Note: Refer to the rMATS documentations and publications for more information about usage of rMATS docker image at http://rnaseq-mats.sourceforge.net/rmatsdockerbeta/DockerImage-rMATS-turbo-0.1.pdfhttp://rnaseq-mats.sourceforge.net
Optional: Set up a virtual environment for rMATS in Python 2.7 if needed. Python 2.7 can be acquired from https://www.python.org. Instruction to setting up a virtual environment in Python 2.x using virtualenv can be found in the Python documentations: https://packaging.python.org/guides/installing-using-pip-and-virtual-environments/
In Silico Translation of Custom Protein Sequences
Timing: ∼3–6 h
JCAST processes rMATS output files with options to filter out splice junctions with low or variable counts and then translates junction sequences into peptide and protein sequences.
-
26.
Install Python3.7+ (https://www.python.org) and pip (https://pip.pypa.io/en/stable/installing/) following developer instruction.
-
27.Install JCAST v.0.2.8 or a compatible version
- $ python3 -m pip install jcast
Note: JCAST can be acquired through pypi using pip or directly from Github.

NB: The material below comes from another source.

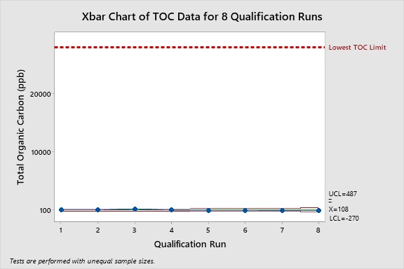 The collected the TOC swab data were also plotted using an Xbar Control Chart. This analysis of data also demonstrates that the product residues for the hardest-to-clean products were consistently controlled well below the lowest TOC limit. The upper control limit (UCL) for all of the TOC swab data was only 487 ppb, meaning that 99.87% of all the TOC swab data fell below this value.

JCAST requires Python 3.7+ which can be acquired from https://www.python.org
Optional: To avoid potential conflicts in Python and dependency versions with other softwares, we recommend setting up a Python virtual environment for JCAST. For example, use the following command to set up a Python3.8 virtual environment
$ python3.8 -m venv ∼/venv
To use the virtual environment:
$ source ∼/venv/bin/activate
To install JCAST:
(venv) $ pip install jcast
Note: Further instruction for setting up a virtual environment in Python 3.x using venv can be found in the Python documentations: https://packaging.python.org/guides/installing-using-pip-and-virtual-environments/
To test whether JCAST is installed and print the help message for JCAST usage, type “jcast” in the Terminal command window:
- $ python3 -m jcast
- Or
(venv) $ jcast
The following message will show up in the command window:
usage: jcast [-h] [-o OUT] [-r READ] [-p PVALUE] rmats_folder gtf_file genome
Jcast retrieves splice junction information and translates into amino acid
positional arguments:
rmats_folder path to folder storing rMATS output
gtf_file path to ENSEMBL GTF file
genome path to Genome file
optional arguments:
-h, --help show this help message and exit
-o OUT, --out OUT name of the output files [default: psq_out]

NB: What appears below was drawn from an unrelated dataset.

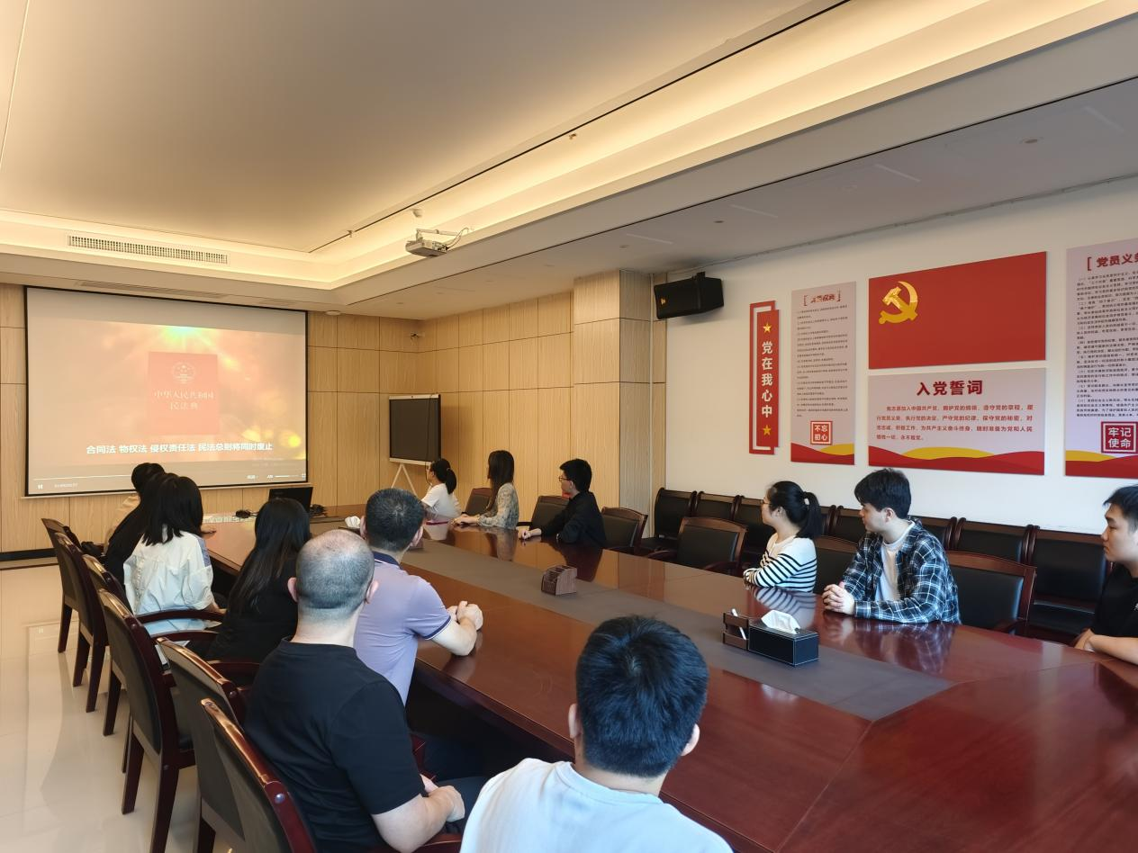 《民法典》作为“社会生活的百科全书”,不仅关乎个人权益,更为企业经营管理提供了法律遵循。宣传月期间,聚焦《民法典》如何赋能国企法治建设,组织员工通过视频学习《民法典》,宣传合同履行、知识产权保护及公司法等条款,筑牢风险防线,为国有资产安全和企业可持续发展保驾护航。 创新宣传载体,多形式普法宣传 利用微信工作群及公众号,转发分享民法典相关知识案例,以案释法强化实效;张贴主题海报和横幅,利用办公区LED 屏幕滚动播放民法典普法宣传片及普法知识,提高普法的吸引力和感染力;开展民法典知识测试,参与率达100%,优秀率超95%,以考促学检验成效,进一步加深员工对法律条文的理解。

-r READ, --read READ minimum read counts to consider [default: 1]
-p PVALUE, --pvalue PVALUE discard junctions with rMATS pvalue below this threshold [default: 0.01]
Note: JCAST provides the options to filter out splice junction sequences with low read counts by the -r argument and sequences with variable read counts by the -p argument.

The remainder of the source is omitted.